A critical warning: listings from overseas sellers on eBay or Amazon should include close-up photos of the entire card surface, not just the face. Mysterious Treasures holos are prone to edge wear and corner softness due to age, and distance sellers sometimes gloss over these details in generic descriptions. If you’re buying from an overseas vendor without detailed photos, assume the card is Lightly Played or better, not Near Mint, and adjust your offer price accordingly. The risk of opening a $6.99 package to find a $3.50 card is real and happens regularly.
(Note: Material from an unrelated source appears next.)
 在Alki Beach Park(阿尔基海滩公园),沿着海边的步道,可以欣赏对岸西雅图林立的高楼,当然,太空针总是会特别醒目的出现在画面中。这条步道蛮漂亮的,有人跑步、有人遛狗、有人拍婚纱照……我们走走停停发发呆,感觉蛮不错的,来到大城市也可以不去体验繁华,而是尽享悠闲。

Price Tracking and Timing Your Purchases
PriceCharting’s dedicated pages for both holo and reverse holo Honchkrow are the fastest way to watch market movement without manually combing eBay. The platform aggregates prices from TCGPlayer, Troll and Toad, Amazon, and other major retailers, updating daily and displaying historical trends over weeks and months. Honchkrow’s recent 65.5% gain ($3.80 increase over 30 days) means the card may cool off as momentum traders exit, or it may signal sustained collector interest in Diamond & Pearl tier-two holos.
Price tracking isn’t predictive, but it does show you whether your purchase timing coincides with seasonal rallies or market lulls. The practical limitation of price tracking: aggregated data masks individual retailer volatility. Troll and Toad may list the card at $6.99 while TCGPlayer sellers ask $5.49, but price trackers show the range, not which specific vendor offers the best current deal. Spending five minutes comparing active listings on each platform can save you $1.00–$2.00 on a single purchase, and that becomes meaningful if you’re buying multiple cards.
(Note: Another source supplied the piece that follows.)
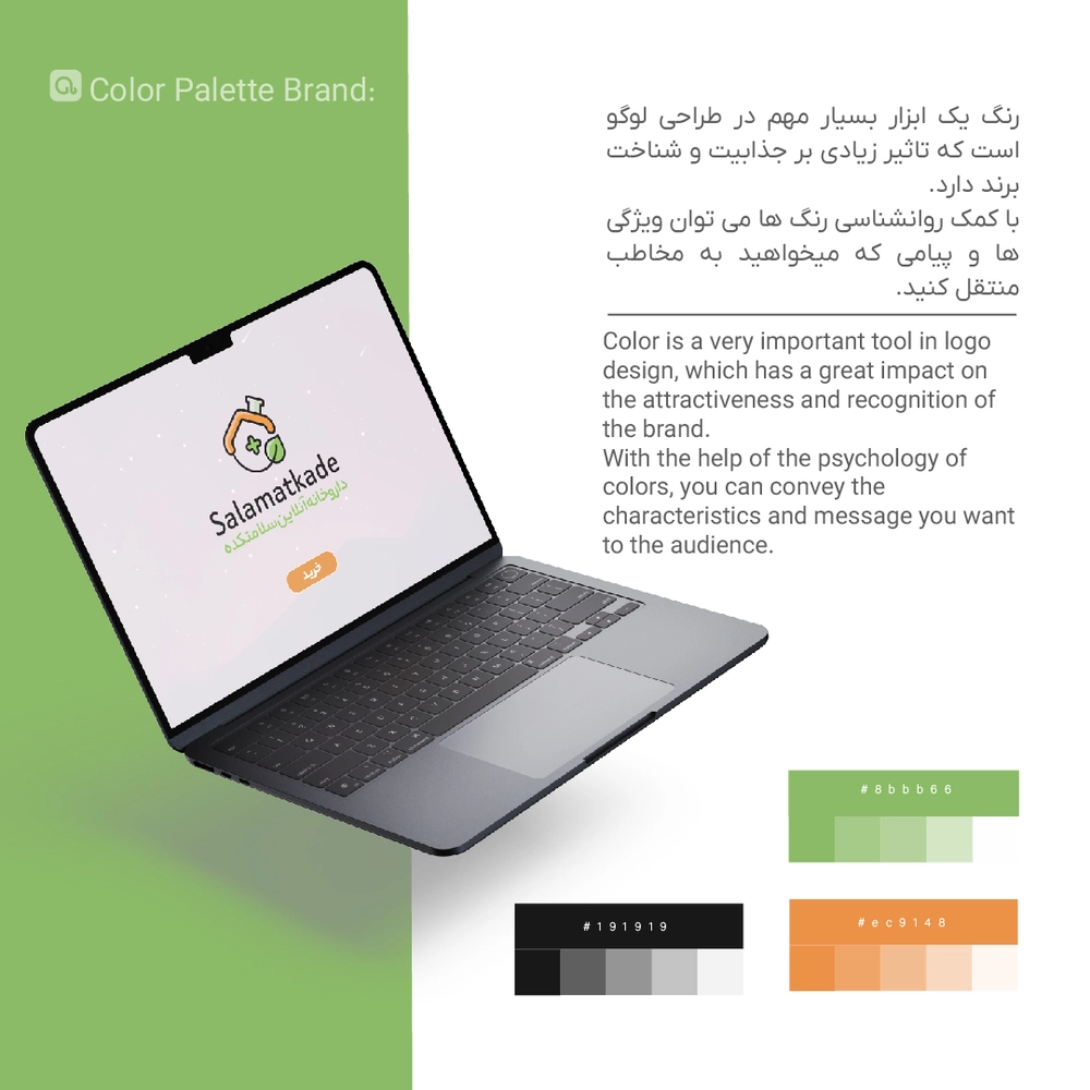 🔹 ترکیب یک برگ سبز در طراحی، یادآور درمان‌های طبیعی و رویکرد سلامت‌محور برند است.

Supply and Demand Dynamics for Mid-Tier Mysterious Treasures Holos
Honchkrow occupies the segment of Diamond & Pearl printings that saw moderate initial pull rates—common enough that raw copies are readily available, but not so abundant that holos are throwaway bulk. Mysterious Treasures as a set has gained collector momentum since 2024 as interest in DP-era sealed product has risen, creating secondary demand for individual holos from that set that were previously neglected. Honchkrow benefits from that tailwind: it’s not an iconic card like Crobat Lv.X or Garchomp, but it’s an honest Stage 1 with competitive history and clean artwork, making it desirable for binder collectors filling gaps.
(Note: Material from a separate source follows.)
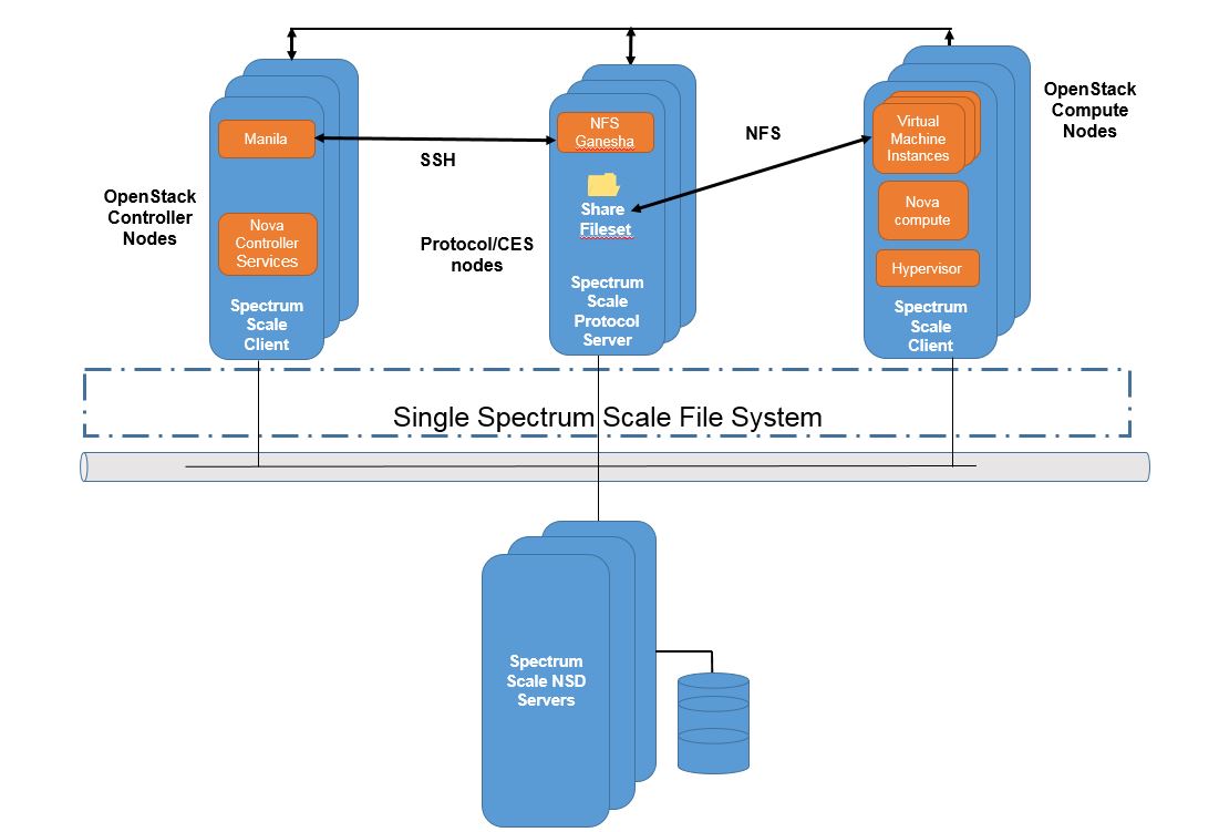 Spectrum Scale must be installed and a cluster must be created that includes one or more storage nodes and protocol server nodes. The NFS server running on these nodes is used to export shares to storage consumers in OpenStack virtual machines or even to bare metal storage consumers in the OpenStack environment. A file system must also be created and mounted on these nodes before configuring the manila service to use Spectrum Scale storage. For more details, refer to Spectrum Scale product documentation.

The 30-day price jump suggests early-stage momentum among niche collectors rather than speculative buying. Most Diamond & Pearl holos don’t experience month-to-month swings of 65% unless a prominent content creator (card YouTuber, TCG streamer) features them or a major tournament result revives competitive interest. For Honchkrow, the recent gains are likely organic—buyers quietly recognizing that a $5.80 raw Near Mint holo from a sought-after set represents fair value compared to other DP-era Stage 1s priced at $8.00–$12.00. Whether that momentum persists depends on whether larger collector groups notice and enter the market, or whether the spike exhausts itself as available inventory sells through and prices stabilize.